Collected data:
####

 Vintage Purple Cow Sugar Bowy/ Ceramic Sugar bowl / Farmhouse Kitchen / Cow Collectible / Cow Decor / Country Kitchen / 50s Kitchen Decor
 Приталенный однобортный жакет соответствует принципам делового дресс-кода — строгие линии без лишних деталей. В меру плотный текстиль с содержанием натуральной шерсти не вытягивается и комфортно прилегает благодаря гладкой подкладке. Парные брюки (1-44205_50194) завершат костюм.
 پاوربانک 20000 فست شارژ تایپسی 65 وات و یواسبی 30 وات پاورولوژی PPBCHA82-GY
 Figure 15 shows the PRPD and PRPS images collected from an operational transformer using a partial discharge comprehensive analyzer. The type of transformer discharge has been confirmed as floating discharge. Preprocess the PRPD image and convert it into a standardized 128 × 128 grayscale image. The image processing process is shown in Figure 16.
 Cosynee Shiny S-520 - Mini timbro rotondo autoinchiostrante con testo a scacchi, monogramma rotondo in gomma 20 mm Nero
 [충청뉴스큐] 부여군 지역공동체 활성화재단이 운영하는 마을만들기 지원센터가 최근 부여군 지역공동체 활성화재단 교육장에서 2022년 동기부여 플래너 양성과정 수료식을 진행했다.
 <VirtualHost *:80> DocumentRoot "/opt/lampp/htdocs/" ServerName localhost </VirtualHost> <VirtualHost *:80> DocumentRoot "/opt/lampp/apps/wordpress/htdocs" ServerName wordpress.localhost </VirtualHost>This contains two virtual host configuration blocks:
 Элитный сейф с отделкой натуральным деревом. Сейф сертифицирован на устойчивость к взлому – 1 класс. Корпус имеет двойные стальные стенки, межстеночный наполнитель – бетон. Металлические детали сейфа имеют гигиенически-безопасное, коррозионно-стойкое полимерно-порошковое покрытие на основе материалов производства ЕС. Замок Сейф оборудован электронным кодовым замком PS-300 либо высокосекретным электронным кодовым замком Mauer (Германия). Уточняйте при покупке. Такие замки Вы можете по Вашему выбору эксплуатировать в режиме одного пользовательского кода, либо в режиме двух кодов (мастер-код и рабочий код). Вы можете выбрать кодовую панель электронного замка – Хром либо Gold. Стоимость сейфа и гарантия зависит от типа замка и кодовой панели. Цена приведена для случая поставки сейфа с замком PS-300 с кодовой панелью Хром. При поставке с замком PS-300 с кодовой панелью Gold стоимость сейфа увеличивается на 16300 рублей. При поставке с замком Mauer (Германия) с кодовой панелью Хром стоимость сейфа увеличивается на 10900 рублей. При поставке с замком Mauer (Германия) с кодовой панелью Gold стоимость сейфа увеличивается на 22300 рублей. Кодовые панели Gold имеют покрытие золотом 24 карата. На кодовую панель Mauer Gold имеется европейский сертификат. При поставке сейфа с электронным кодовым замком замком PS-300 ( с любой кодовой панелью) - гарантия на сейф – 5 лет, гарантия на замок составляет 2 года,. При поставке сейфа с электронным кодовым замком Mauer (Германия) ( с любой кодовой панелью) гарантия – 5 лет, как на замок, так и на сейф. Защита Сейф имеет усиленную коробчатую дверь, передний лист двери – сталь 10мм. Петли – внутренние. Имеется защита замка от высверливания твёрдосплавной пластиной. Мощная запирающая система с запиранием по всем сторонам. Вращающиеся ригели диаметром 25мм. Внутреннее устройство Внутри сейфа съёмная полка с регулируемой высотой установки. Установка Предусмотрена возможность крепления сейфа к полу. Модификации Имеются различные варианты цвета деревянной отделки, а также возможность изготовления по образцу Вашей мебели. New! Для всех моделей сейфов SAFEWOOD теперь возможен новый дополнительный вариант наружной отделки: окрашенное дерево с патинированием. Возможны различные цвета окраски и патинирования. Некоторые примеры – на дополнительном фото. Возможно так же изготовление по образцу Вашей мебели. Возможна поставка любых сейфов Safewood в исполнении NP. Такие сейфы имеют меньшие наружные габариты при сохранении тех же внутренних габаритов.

####

▸ **AIM OF THE TASK**:
Your answer must contain every line of the records, exactly.

▸ **REPLY**:
 Vintage Purple Cow Sugar Bowy/ Ceramic Sugar bowl / Farmhouse Kitchen / Cow Collectible / Cow Decor / Country Kitchen / 50s Kitchen Decor
 Приталенный однобортный жакет соответствует принципам делового дресс-кода — строгие линии без лишних деталей. В меру плотный текстиль с содержанием натуральной шерсти не вытягивается и комфортно прилегает благодаря гладкой подкладке. Парные брюки (1-44205_50194) завершат костюм.
 پاوربانک 20000 فست شارژ تایپسی 65 وات و یواسبی 30 وات پاورولوژی PPBCHA82-GY
 Figure 15 shows the PRPD and PRPS images collected from an operational transformer using a partial discharge comprehensive analyzer. The type of transformer discharge has been confirmed as floating discharge. Preprocess the PRPD image and convert it into a standardized 128 × 128 grayscale image. The image processing process is shown in Figure 16.
 Cosynee Shiny S-520 - Mini timbro rotondo autoinchiostrante con testo a scacchi, monogramma rotondo in gomma 20 mm Nero
 [충청뉴스큐] 부여군 지역공동체 활성화재단이 운영하는 마을만들기 지원센터가 최근 부여군 지역공동체 활성화재단 교육장에서 2022년 동기부여 플래너 양성과정 수료식을 진행했다.
 <VirtualHost *:80> DocumentRoot "/opt/lampp/htdocs/" ServerName localhost </VirtualHost> <VirtualHost *:80> DocumentRoot "/opt/lampp/apps/wordpress/htdocs" ServerName wordpress.localhost </VirtualHost>This contains two virtual host configuration blocks:
 Элитный сейф с отделкой натуральным деревом. Сейф сертифицирован на устойчивость к взлому – 1 класс. Корпус имеет двойные стальные стенки, межстеночный наполнитель – бетон. Металлические детали сейфа имеют гигиенически-безопасное, коррозионно-стойкое полимерно-порошковое покрытие на основе материалов производства ЕС. Замок Сейф оборудован электронным кодовым замком PS-300 либо высокосекретным электронным кодовым замком Mauer (Германия). Уточняйте при покупке. Такие замки Вы можете по Вашему выбору эксплуатировать в режиме одного пользовательского кода, либо в режиме двух кодов (мастер-код и рабочий код). Вы можете выбрать кодовую панель электронного замка – Хром либо Gold. Стоимость сейфа и гарантия зависит от типа замка и кодовой панели. Цена приведена для случая поставки сейфа с замком PS-300 с кодовой панелью Хром. При поставке с замком PS-300 с кодовой панелью Gold стоимость сейфа увеличивается на 16300 рублей. При поставке с замком Mauer (Германия) с кодовой панелью Хром стоимость сейфа увеличивается на 10900 рублей. При поставке с замком Mauer (Германия) с кодовой панелью Gold стоимость сейфа увеличивается на 22300 рублей. Кодовые панели Gold имеют покрытие золотом 24 карата. На кодовую панель Mauer Gold имеется европейский сертификат. При поставке сейфа с электронным кодовым замком замком PS-300 ( с любой кодовой панелью) - гарантия на сейф – 5 лет, гарантия на замок составляет 2 года,. При поставке сейфа с электронным кодовым замком Mauer (Германия) ( с любой кодовой панелью) гарантия – 5 лет, как на замок, так и на сейф. Защита Сейф имеет усиленную коробчатую дверь, передний лист двери – сталь 10мм. Петли – внутренние. Имеется защита замка от высверливания твёрдосплавной пластиной. Мощная запирающая система с запиранием по всем сторонам. Вращающиеся ригели диаметром 25мм. Внутреннее устройство Внутри сейфа съёмная полка с регулируемой высотой установки. Установка Предусмотрена возможность крепления сейфа к полу. Модификации Имеются различные варианты цвета деревянной отделки, а также возможность изготовления по образцу Вашей мебели. New! Для всех моделей сейфов SAFEWOOD теперь возможен новый дополнительный вариант наружной отделки: окрашенное дерево с патинированием. Возможны различные цвета окраски и патинирования. Некоторые примеры – на дополнительном фото. Возможно так же изготовление по образцу Вашей мебели. Возможна поставка любых сейфов Safewood в исполнении NP. Такие сейфы имеют меньшие наружные габариты при сохранении тех же внутренних габаритов.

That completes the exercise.